Yüzde 12,15 çıkan Ocak tüketici enflasyonuna (TÜFE) rağmen Şubat ayı beklenti anketini baz alarak yılsonu için projeksiyonunu geniş tutan Merkez Bankası anketinde, enflasyon ve faizde tek haneli rakam hedefinde kararlı olduğunu apaçık gösteriyor.
Son TCMB anketinde yılsonu TÜFE beklentisi yüzde 10,06, oniki aylık yüzde 9,61 ve 24 aylık TÜFE beklentisi de yüzde 8,52 oldu. Dolar kuru beklentisi yılsonu itibariyle 6,45 lira, 12 sonrası için 6,51 lira olurken 2020 yılsonu büyüme eklentisi yüzde 3,5, gelecek yıl için ise yüzde 3,8 tahmin edildi.

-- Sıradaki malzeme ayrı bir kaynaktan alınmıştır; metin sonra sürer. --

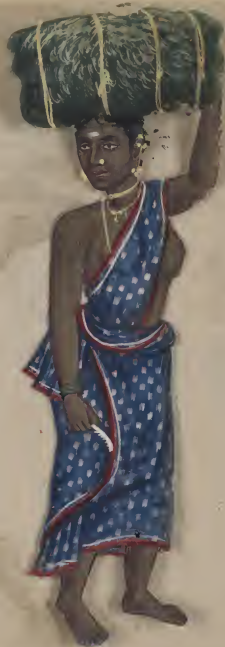
Female കുറുപ്പു കായ
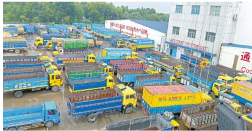
孟加拉通威厂区排满提货车辆,生意火爆

下半年,海外捷报频传,孟加拉通威克服重重困难,1-8月开展主场营销58场,参会人数1528人,塘头会148场,参会人数4232人,转化为通威客户占比51.4%,招商会成功召开2场,现场订货110吨,连续8个月实现正增长,8月销量突破9600吨,全年有望实现27%的同比增长。通威农发用最亮眼的成绩献礼通威40年华诞。
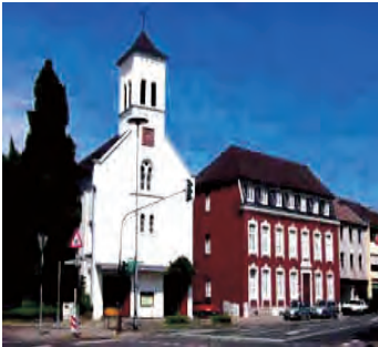
Gemeindezentrum Geilenkirchen, Konrad-Adenauer-Straße 83, Geilenkirchen

Die Veranstaltungen finden in den zwei Gemeindezentren der Evangelischen Kirchengemeinde Geilenkirchen statt:
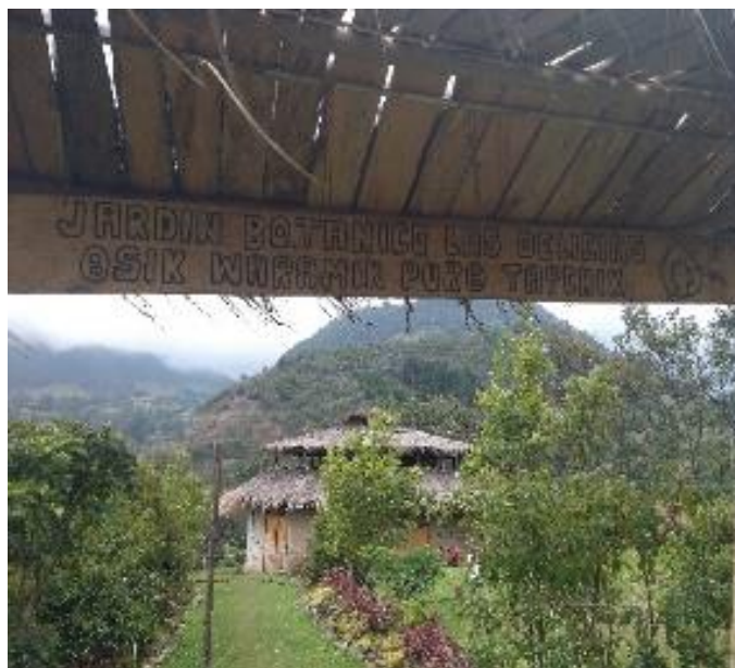
Figura 8.

Şubat ayı beklenti anketinde; haftalık repo faiz oranı ile gecelik repo faiz oranının ortalaması olarak bilinen ve piyasada oluşan faizlere yön vererek enflasyonu denetlemek için kullanılan Ağırlıklı Ortalama Fonlama Maliyeti’nin (AOFM) yüzde 10,91’e gerilemesi, aynı zamanda politika faizi olan bir haftalık repo faiz oranının Şubat’ta yüzde 11,02, gelecek 3 ay içinde yüzde 10,48, önümüzdeki 6 ay içinde yüzde 10,09 ve yılsonu itibariyle yüzde 9,63’e ineceğinin tahmin edilmesi, diğer taraftan gecelik repo pazarında faiz oranın da bu ay sonu için yüzde 10,8 şeklinde öngörülmesi Merkez Bankası’nın (TCMB) Temmuz’dan bu yana aralıksız devam ettiği faiz indirmede elini rahatlatıyor.

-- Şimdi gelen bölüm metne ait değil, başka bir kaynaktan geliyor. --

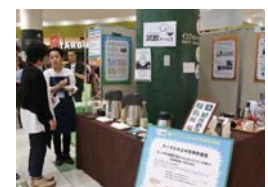
サステナブルコーヒーの試飲 (珈琲工房ひぐち)
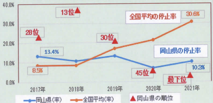
信号機のない横断歩道における車の一時停止率(JAF調査)

信号機のない横断歩道を歩行者が渡ろうとしている場合、車に停止義務があることをご存じですか？上のグラフはその停止率と、全都道府県のなかの岡山県の停止率が何番目なのか、その推移を示したものです。全国平均の数値が飛躍的に向上する中で岡山県が伸び悩み、順位も2021年はついに最下位となっていました。
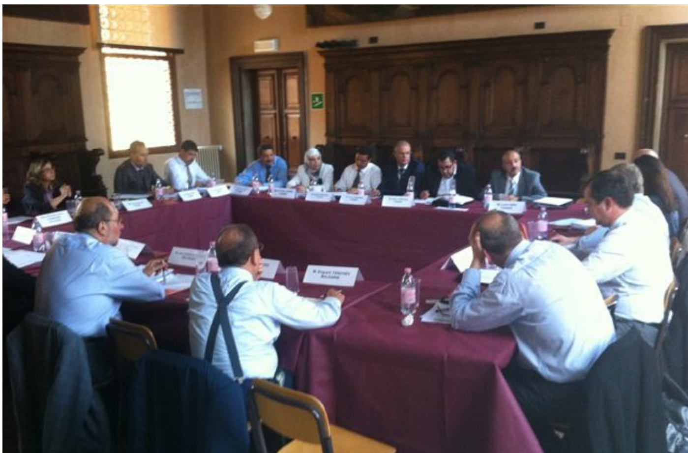
Zasedání Benátské komise.

Diskuse o přípravě tuniské ústavy byla na 92. zasedání Benátské komise bodem klíčovým, nikoli však jediným. V hledáčku Komise se ocitly i další země, konkrétně Ázerbájdžán, Bosna a Hercegovina, Maďarsko a Ukrajina. Tematicky se jednání zabývalo např. svobodou výkonu náboženství, organizací justice nebo modalitami výkonu politického mandátu členů exekutivní moci. (Abecedně) první zemí, na kterou se Komise zaměřila, byl Ázerbájdžán . Stalo se tak v souvislosti s jeho novým Zákonem o svobodě náboženského vyznání, který byl přijat v červnu 2010 a od té doby již stihl projít desítkou novelizací (Opinion 681/2012). Stanovisko Benátské komise, vypracované ve spolupráci s OBSE/ODIHR, se k zákonu postavilo velmi kriticky. Stanovisko upozorňuje mj. na to, že zákon vytváří nadměrně složitou proceduru registrace
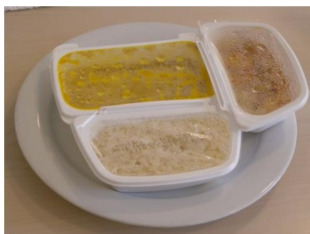
Angebot Pro Senectute Aargau

Einmal pro Monat wird in verschiedenen Gemeinden ein Mittagstisch organisiert. Das Programm und Informationen erhalten Sie bei Pro Senectute Aargau, Beratungsstelle Bezirk Baden, Telefon 056 203 40 80
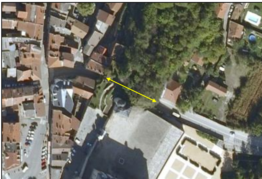
Vue aérienne du tunnel du château

Si cette fiche comporte des erreurs ou des oublis, merci de nous le signaler.
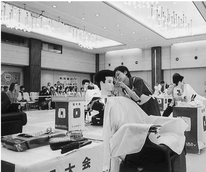
東北理容競技大会 熱戦風景
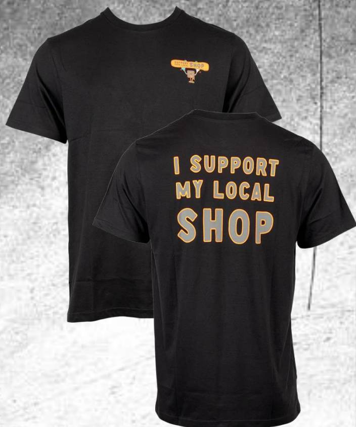
T-Shirt Support Local Tee
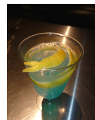
スネークカクテル

レモンを丸ごと一個使いサッパリとした味わいの「スネークカクテル」。レモンピールをへびに見立てた、見た目もかわいいカクテルです。
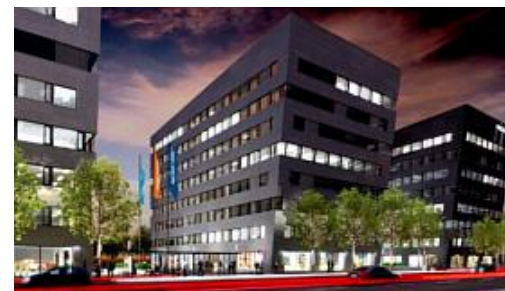
Rozvaděčová technika Prosek Point | Praha
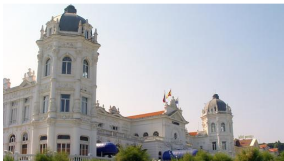
Fachada del Casino- GRAN CASINO SARDINERO

En la Plaza de Italia (en El Sardinero) se encuentra el imponente edificio blanco que alberga el Casino de Santander . Se trata de uno de los edificios más llamativos de la ciudad, por su tamaño, y de noche por la iluminación de colores que aplican a la fachada. Se trata de un ejemplo de arquitectura de la Belle Epoque, momento de máximo esplendor de la ciudad. Construido en 1916, en solo un año, tiene una gran escalinata y terrazas. Entre 1939 y 1978 permaneció cerrado, pero después de su restauración está abierto al público y tiene local de juego, cafetería, restaurante, sala de fiestas y sala de exposiciones.
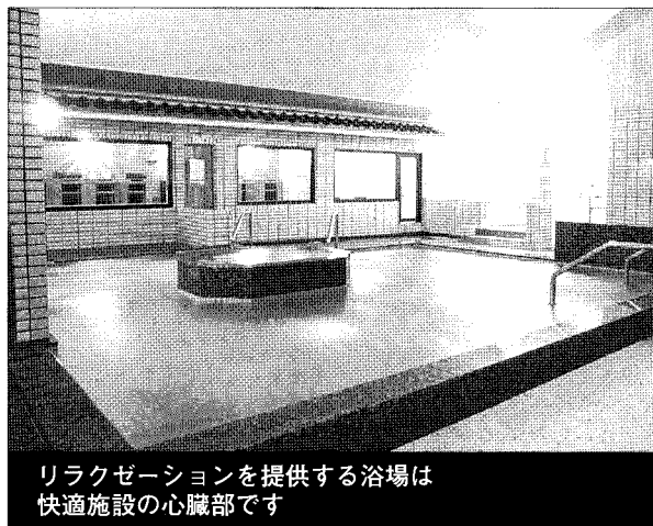
リラクゼーションを提供する浴場は快適施設の心臓部です

★自慢のふるさとなをつくりませんか?! トロン温泉地域が誇れる自慢の施設に自治体も、住民も満足しています
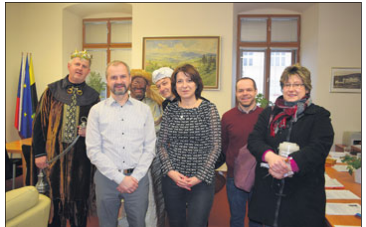
Tři králové zavítali také na radnici v Jeseníku.
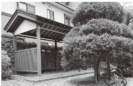
自転車置場と鍛鉄のオブジェ

通りに面しては、木造の門と柘植の生け垣になっています。この門は、腕木門という形式で、武家屋敷を
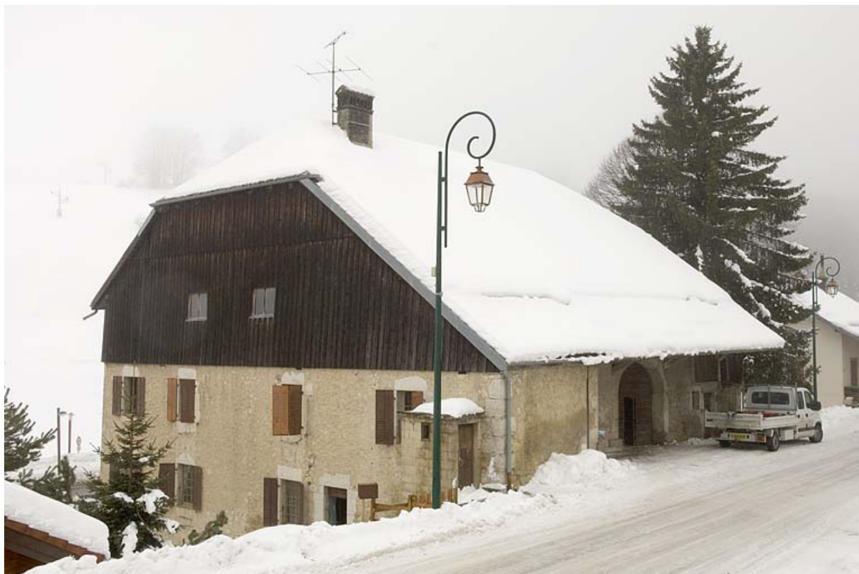
Façades antérieure et latérale gauche, en hiver. 25, Jougne, 17 rue du Faubourg
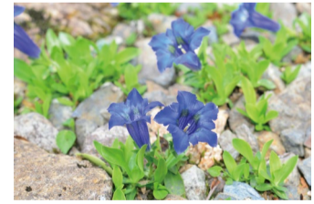
ゲンチアナ・ディナリカ
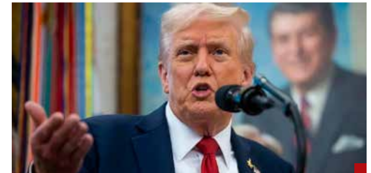
Fueron muchas las advertencias de Donald Trump.
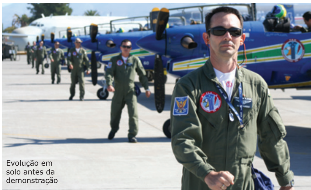
Evolução em solo antes da demonstração
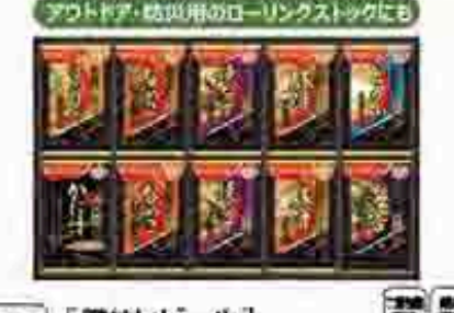
528 〔アサヒビール〕 アミノアースおみそ汁ギフト 商品提供 アサヒビールHD アミノアースおみそ汁を厳選して仕上げました。アミノアースおみそ汁ギフト
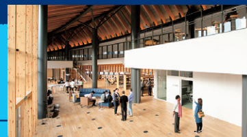
Library and Work Commons
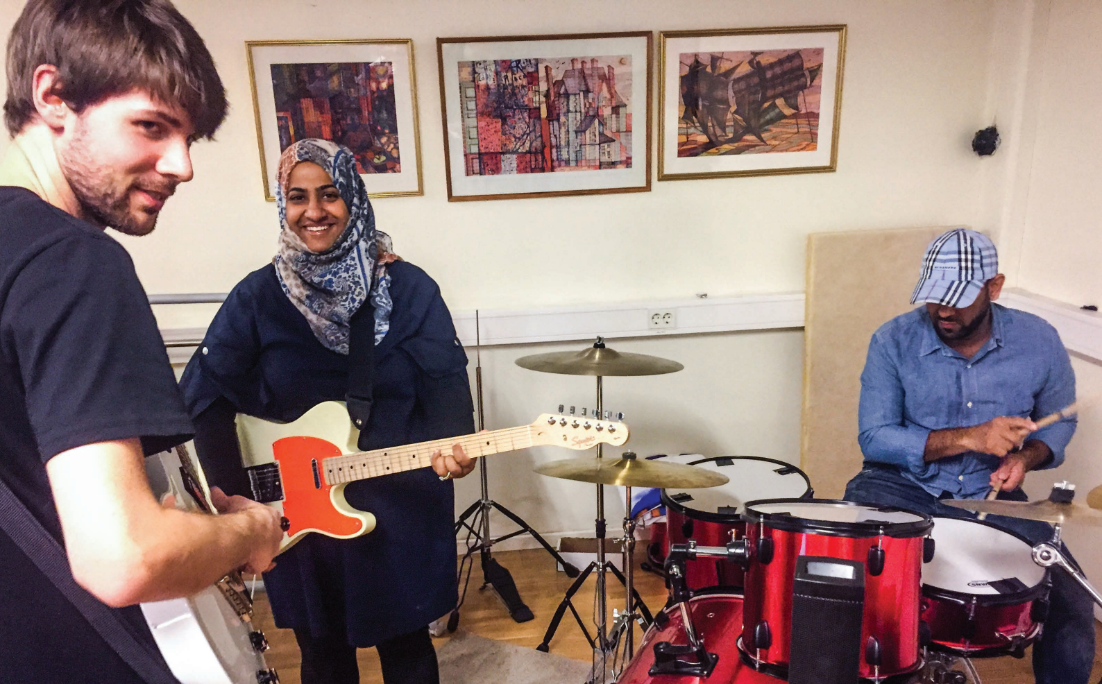
Riff Clubb Dramalogens Kulturhus

Ağırlıklı ortalama faizin verdiği mesaj
Merkez Bankası’nın piyasada oluşan faizlere yön vermek ve bu yolla enflasyonu kontrol altına almaya yönelik kullandığı araçlardan biri ağırlıklı ortalama fonlama maliyeti. AOFM Merkez Bankası’nın gecelik borç verme faizi ile haftalık repo faizinin yani politika faizinin ağırlıklı ortalaması olarak hesaplanıyor.
Malûmunuz gecelik repo faizi, gecelik borç almak ya da gecelik borç vermek isteyen bankalara uyguladığı faize deniyor. Borç alma faizi taban, borç verme faizi ise tavan oluyor. Taban ve tavan arasında oluşan aralığa faiz koridoru olarak adlandırılıyor. Gecelikler iki oran arasında likidite sıkışıklığı veya fazlalığı durumuna göre gerçekleşiyor.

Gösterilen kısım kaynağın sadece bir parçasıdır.